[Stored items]
□ □ □ □

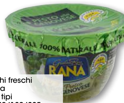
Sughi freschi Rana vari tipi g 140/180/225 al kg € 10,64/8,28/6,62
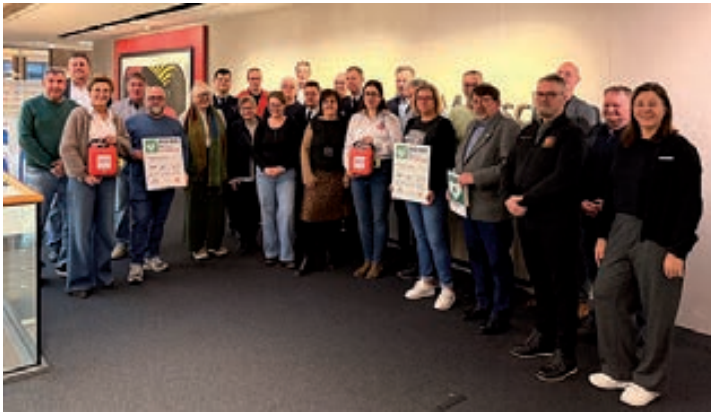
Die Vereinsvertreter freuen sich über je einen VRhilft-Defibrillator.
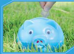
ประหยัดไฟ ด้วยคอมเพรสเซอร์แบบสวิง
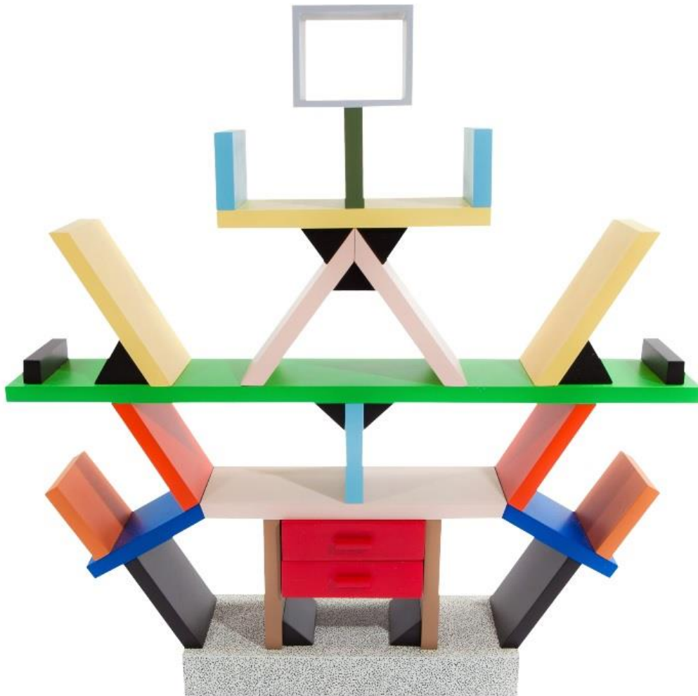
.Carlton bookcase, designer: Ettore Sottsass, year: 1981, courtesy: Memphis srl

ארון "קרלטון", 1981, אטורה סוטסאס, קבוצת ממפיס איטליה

□ □ □ □

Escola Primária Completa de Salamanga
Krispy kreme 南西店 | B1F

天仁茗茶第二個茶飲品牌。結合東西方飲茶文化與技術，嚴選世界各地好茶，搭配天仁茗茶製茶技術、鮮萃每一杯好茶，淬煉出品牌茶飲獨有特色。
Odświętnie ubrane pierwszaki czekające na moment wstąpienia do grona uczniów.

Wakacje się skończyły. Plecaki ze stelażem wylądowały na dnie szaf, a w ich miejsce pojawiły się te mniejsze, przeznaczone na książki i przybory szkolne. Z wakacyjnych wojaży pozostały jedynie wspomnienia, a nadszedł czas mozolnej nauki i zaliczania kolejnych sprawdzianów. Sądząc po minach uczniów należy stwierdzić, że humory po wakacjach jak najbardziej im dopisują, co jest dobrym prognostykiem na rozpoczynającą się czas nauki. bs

□ □ □ □

— DIRECTIONS FOR THIS TASK —
For this exercise, output exactly the lines above from the line with "Odświętnie ubrane pierwszaki" to the line with "Wakacje się skończyły.", counting both, and leave out the rest.

— OUTPUT BELOW —
Odświętnie ubrane pierwszaki czekające na moment wstąpienia do grona uczniów.

Wakacje się skończyły. Plecaki ze stelażem wylądowały na dnie szaf, a w ich miejsce pojawiły się te mniejsze, przeznaczone na książki i przybory szkolne. Z wakacyjnych wojaży pozostały jedynie wspomnienia, a nadszedł czas mozolnej nauki i zaliczania kolejnych sprawdzianów. Sądząc po minach uczniów należy stwierdzić, że humory po wakacjach jak najbardziej im dopisują, co jest dobrym prognostykiem na rozpoczynającą się czas nauki. bs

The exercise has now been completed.